How to enable ImageMagick

Being the considerate people that we are, we should Google the name of our hosting provider and “ImageMagick” to see if they’ve provided an easy way to DIY this. If they have, then do what your provider’s documentation says.

If they haven’t, just ask their Customer Support team to take care of it for you. Usually, hosts provide chat with Customer Support. Or maybe you have to use an actual telephone. Most hosts have great support. They’ll take care of your request in a jiffy and you can be on to that congratulatory beverage.

You should re-do the check procedure, just to make sure all is well.

A bit more background

In order to enable ImageMagick on a WordPress server, we have to enable a PHP extension called Imagick. Imagick is all ready and waiting.

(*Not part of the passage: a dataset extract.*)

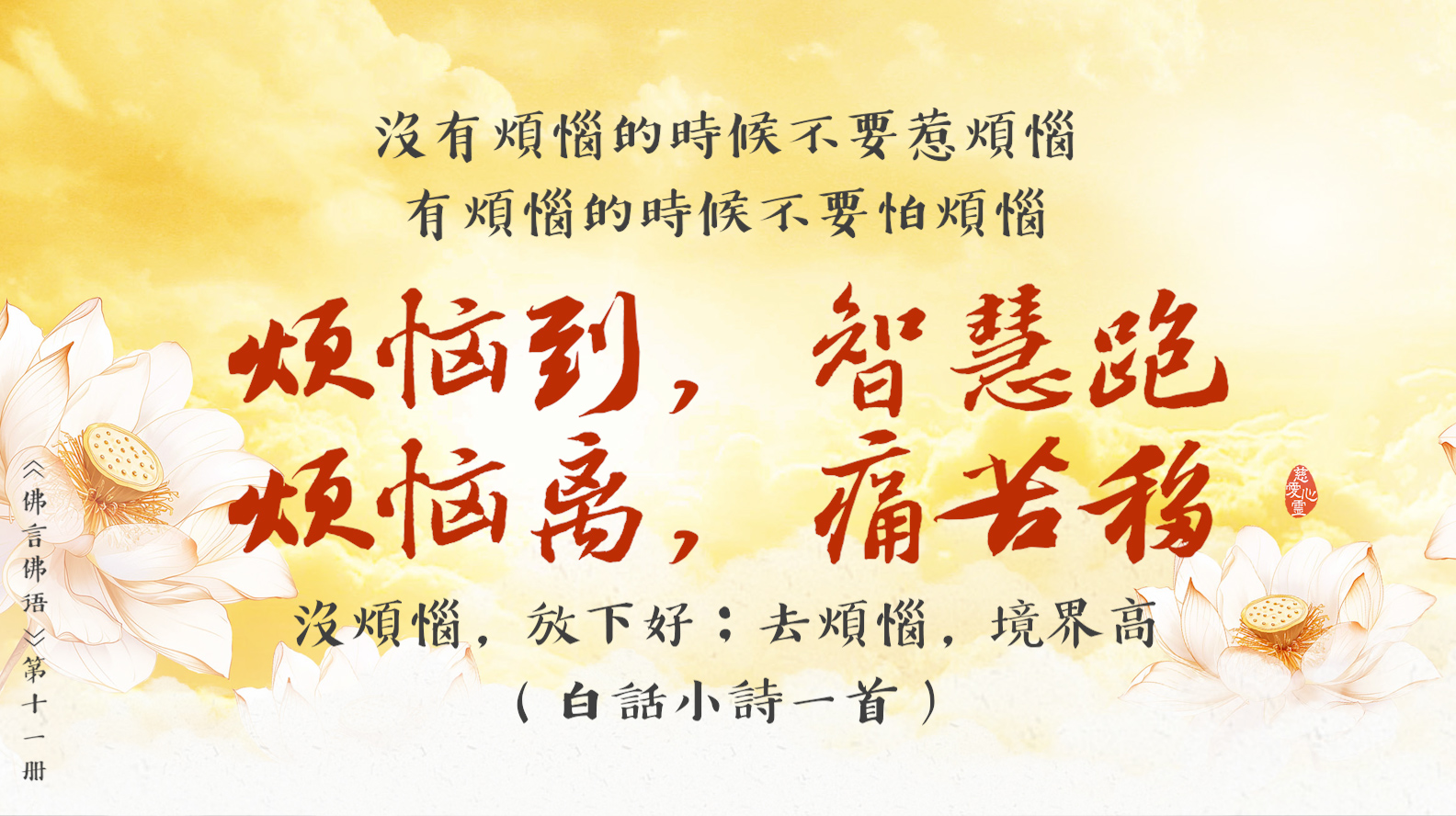 煩惱到,智慧跑; 煩惱離,痛苦移; 沒煩惱,放下好; 去煩惱,境界高。

It ships with PHP. The line to turn it on is already in your php.ini file. It’s commented out with a semicolon. All we need to do is delete that semicolon. One keystroke. That’s if we have access to the main php.ini. But we don’t. 

Each server administrator chooses how he or she will handle this PHP extension thing. There are all kinds of ways to configure a server to allow ordinary users like you and me to do the deed. Or maybe the admin just wants their own employees to handle it. Thus, it’s a host-by-host thing and we usually let Customer Care take care of it for us.

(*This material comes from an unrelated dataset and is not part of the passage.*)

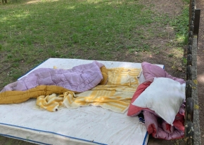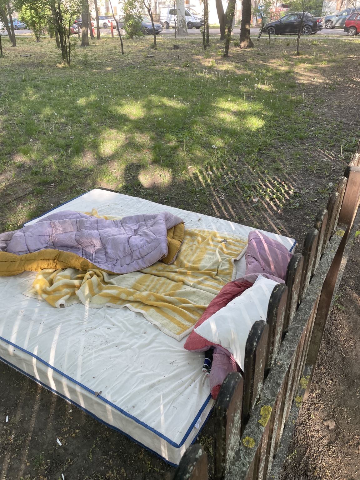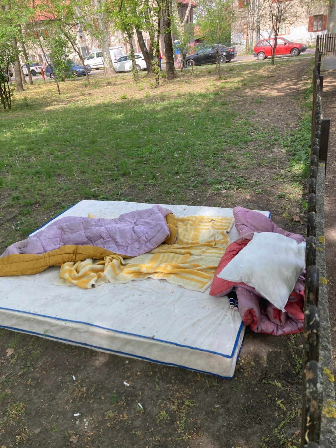 Egy komplett ágy garnitúra van a Győri Ottmár téri játszótér közvetlen közelében pár nap óta.

I have a post explaining how to enable ImageMagick on a mini server on your local machine, like MAMP, here. In that case, you have total access to the server. So, that post shows the under the hood gitty-gritty, if you’re interested.

Is your site on Drupal? This post talks about enabling ImageMagick on Drupal. If anything, it’s even easier.

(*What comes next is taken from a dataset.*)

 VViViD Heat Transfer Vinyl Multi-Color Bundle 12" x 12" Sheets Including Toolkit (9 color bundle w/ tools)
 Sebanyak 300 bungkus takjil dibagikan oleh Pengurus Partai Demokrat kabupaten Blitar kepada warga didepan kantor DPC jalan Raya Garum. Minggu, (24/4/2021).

All of this assumes that ImageMagick itself is installed on your server. As I said, on good hosts, it almost always is.

If it isn’t, or if it’s not enabled via Imagick, WordPress falls back to an imaging library called GD.

GD what?

GD ships with PHP, so it’s always available. By necessity, GDis a more stripped-down, lightweight sort of affair. One of the things it doesn’t have is the ability to preserve metadata. Which is the whole reason for my mania about enabling ImageMagick. I’ll circle back here in a minute.

Is there an efficiency advantage to one library or the other?

Short answer: No. 

If you’re a normal person, running a website that isn’t Facebook or eBay, you won’t see any real difference. ImageMagick uses a bit more server resources during the two or three seconds while your image uploads. Unless you upload a zillion images a day, like eBay, you won’t notice. 

GD runs in PHP’s memory space. ImageMagick doesn’t. Depending on a bunch of factors that we, as normal website owners, don’t even have a way of knowing about, that could tilt an advantage in server speed, so small that nobody would ever notice – during those few seconds when images are uploading – one way or the other, depending on which library is in use. Not that we could even know, much less care.

Load time?

Will the imaging library make a difference in how an image is processed that will affect page load times?

Again, no.

ImageMagick’s fans claim that it provides better image quality at a given compression ratio. In theory that means that if you use ImageMagick, you could have WordPress compress your images a tiny bit more and see faster load times, or better quality at the same load times. But in all honesty, I can’t tell the difference. We’ve got more important stuff to worry about.

ImageMagick is a much bigger, fancier, more comprehensive program than GD. If we had a WordPress plugin that would allow us to take full advantage of all the cool things it can do, that might be really cool and we might be able to eke out a load time advantage. But we don’t have such a plugin. Volunteers? 

GD, for its part, has a new maintainer, Wilson Chen, who is very interested in adding metadata support to the program. He has added it as a milestone in a future release. When GD gains metadata support, those of us who are so inclined can nerd out on the fine points and choose whichever imaging library we like. 

But until then, social responsibility wins out and ImageMagick remains our library of choice.

 

 

Feel better about how your site treats the people who create your content – a group that may include you – by enabling ImageMagick to preserve artists’ right metadata. Just do it. Congratulate your self in the comments.